Invoking any third aspect that can assess change as itself being a neuronal structure seems untenable. Given two aspects that do not combine, but hold their differences separate to a third aspect, how does this third aspect exist as something other than an a priori vantage point of taking the two, distinct aspects as they are themselves, while remaining unmoved by those aspects from which to aquire a relative view of change?
A common view might hold that computers are already able to do this task. After all, don’t computers change according to what’s on the screen and are always moving their memory around their stationary hardware? Even if computers were conscious of all the folders and tasks we perform on them, they would still have this very problem of seeing that they have ever changed--it would be a completely streamlined experience for them.

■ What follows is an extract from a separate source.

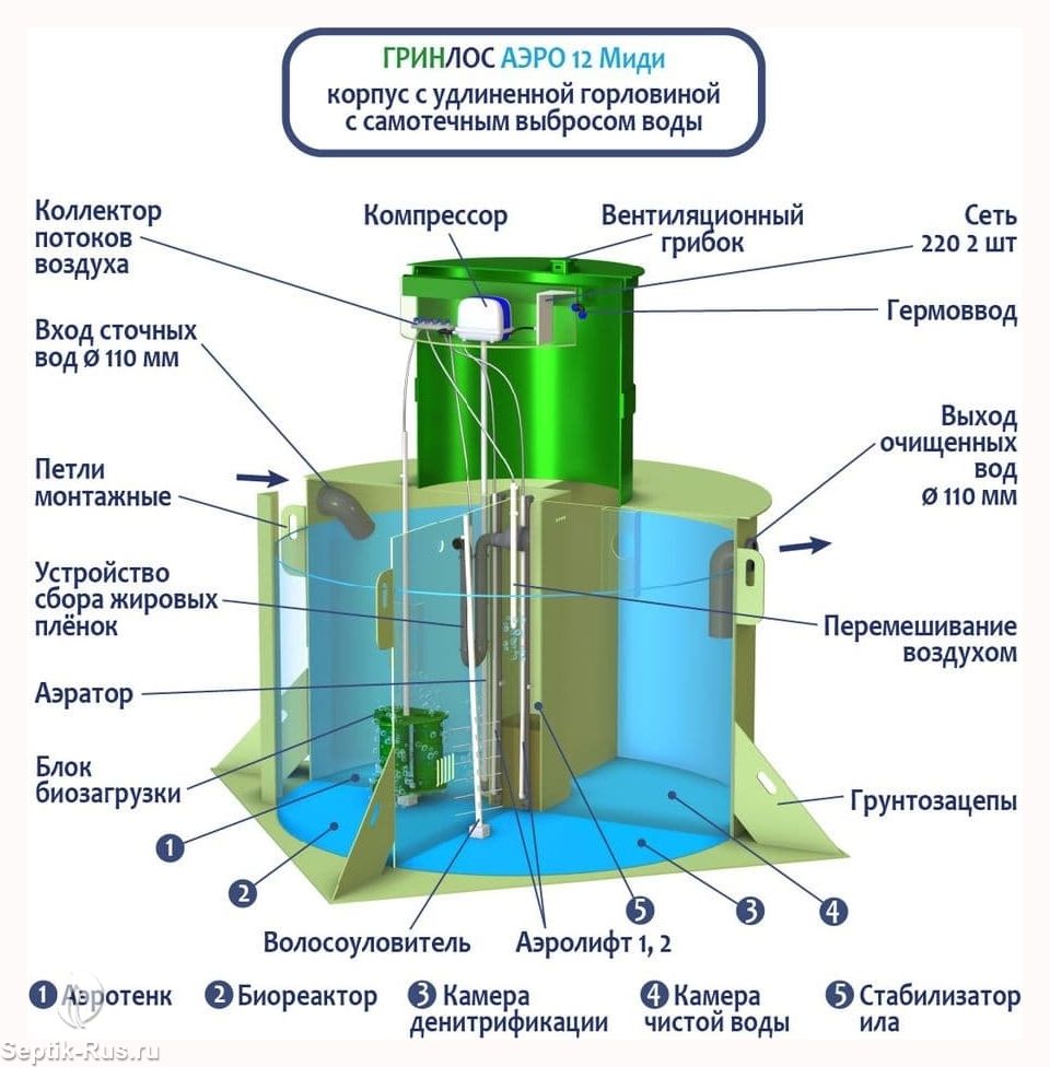 Аэратор способствует циркуляции воздуха и создает условия для размножения бактерий. Вместе с биозагрузкой достигается максимальный уровень переработки стоков.

Take opening multiple folders on a desktop, for example. When I click on the web browser, the software of the operating system, which is on the hard drive and is in control of the rest of hard drive which it itself is not on, maps out which part of the hard drive will be read for the processor to move it on to the RAM and move the pictures on the screen to display the web browser. I now click on a folder, and a folder is opened in the same way and now covers the web browser. The conscious computer now feels its RAM becoming cramped and perhaps even feels pressure on the web browser from the folder on top of it. Does the conscious computer know that it has changed? No, the computer has only streamlined from one motion to another with no faculty for knowing its previous states. RAM is called, Random Access Memory, yet the computer cannot be said, even if it were conscious of our using it, to have remembered anything beyond a present happening.
It might be tempting to look to a super computer of the future and to see it as knowing that it itself has changed, but this temptation does not come from our knowledge of computers and their abilities as logical systems that move from one task to the next, but rather the temptation comes from our vantage point of already having the ability to assess change as change from a fixed vantage point of the self, and from our inability to step off of this vantage point in order to see what the difference is.